Table of Contents Author Guidelines Submit a Manuscript
Advances in Bioinformatics
Volume 2013 (2013), Article ID 618461, 8 pages
http://dx.doi.org/10.1155/2013/618461
Research Article

Identification of Robust Pathway Markers for Cancer through Rank-Based Pathway Activity Inference

Department of Electrical and Computer Engineering, Texas A&M University, College Station, TX 77843-3128, USA

Received 30 November 2012; Accepted 19 January 2013

Academic Editor: Hazem Nounou

Copyright © 2013 Navadon Khunlertgit and Byung-Jun Yoon. This is an open access article distributed under the Creative Commons Attribution License, which permits unrestricted use, distribution, and reproduction in any medium, provided the original work is properly cited.

Abstract

One important problem in translational genomics is the identification of reliable and reproducible markers that can be used to discriminate between different classes of a complex disease, such as cancer.
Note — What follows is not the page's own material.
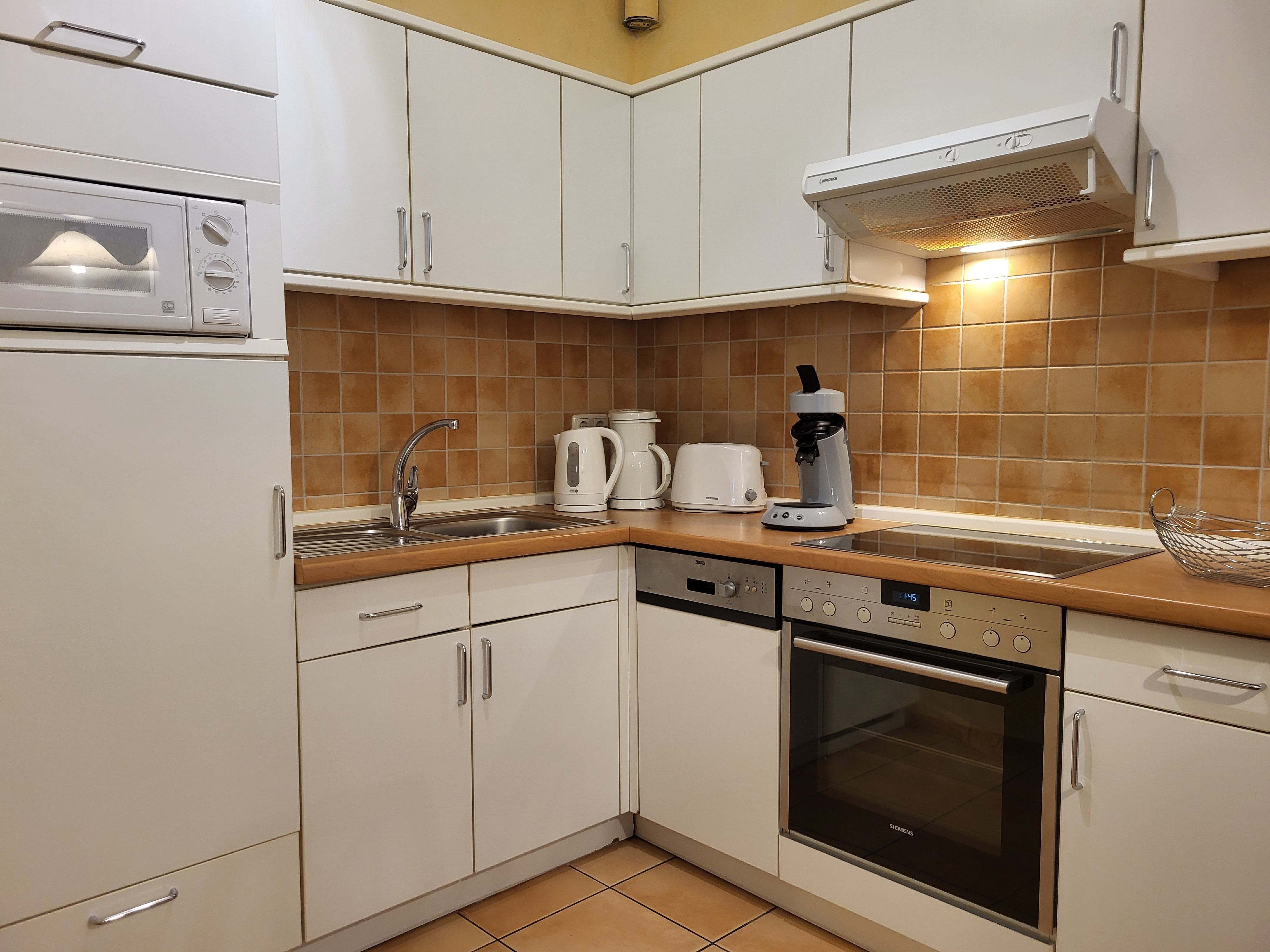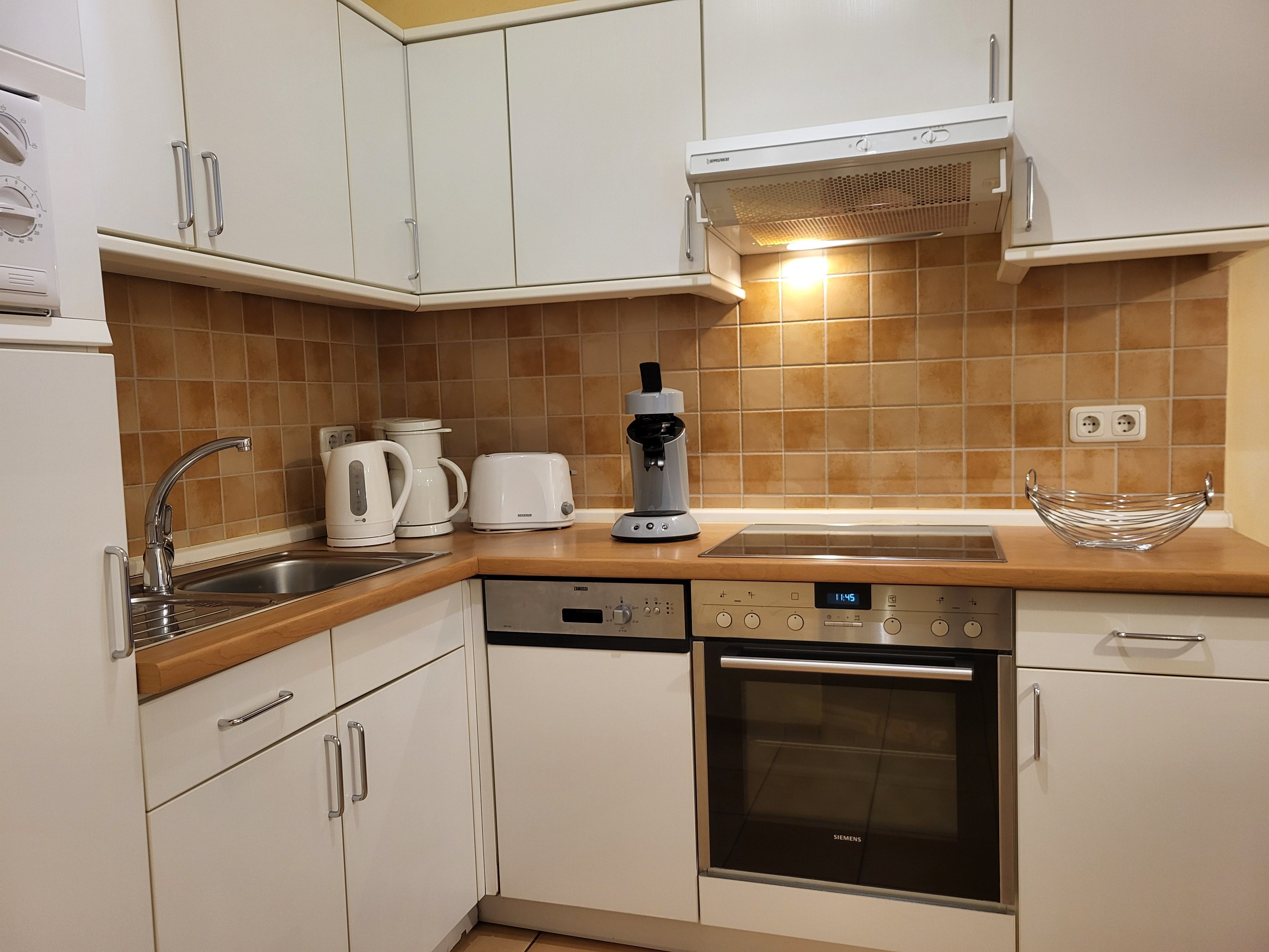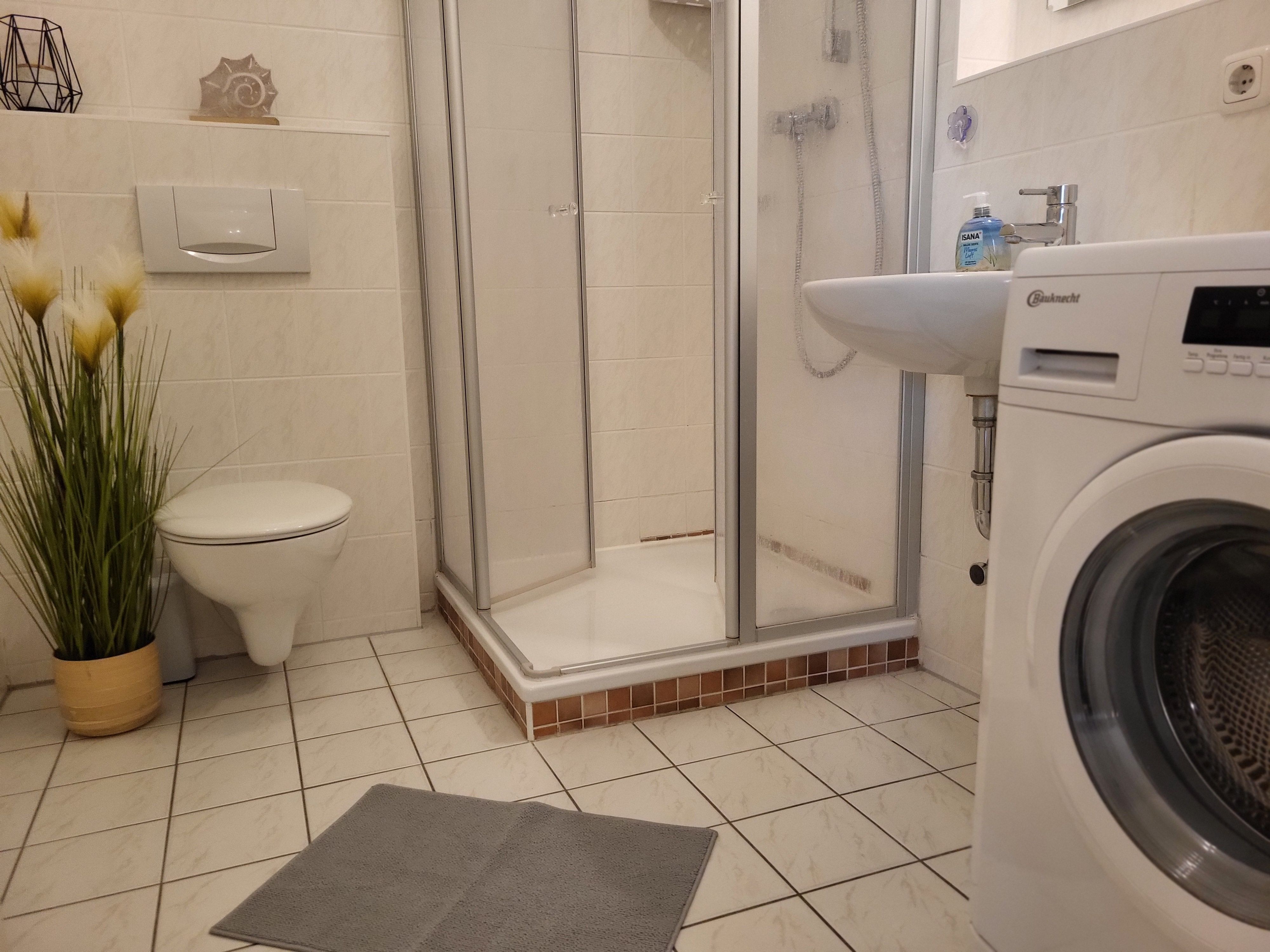 Gefrierschrank, Geschirrspüler, Kaffeemaschine, Herd mit Backofen, Dusche, separater Eingang

The typical small sample setting makes the prediction of such markers very challenging, and various approaches have been proposed to address this problem. For example, it has been shown that pathway markers, which aggregate the gene activities in the same pathway, tend to be more robust than gene markers. Furthermore, the use of gene expression ranking has been demonstrated to be robust to batch effects and that it can lead to more interpretable results. In this paper, we propose an enhanced pathway activity inference method that uses gene ranking to predict the pathway activity in a probabilistic manner. The main focus of this work is on identifying robust pathway markers that can ultimately lead to robust classifiers with reproducible performance across datasets. Simulation results based on multiple breast cancer datasets show that the proposed inference method identifies better pathway markers that can predict breast cancer metastasis with higher accuracy. Moreover, the identified pathway markers can lead to better classifiers with more consistent classification performance across independent datasets.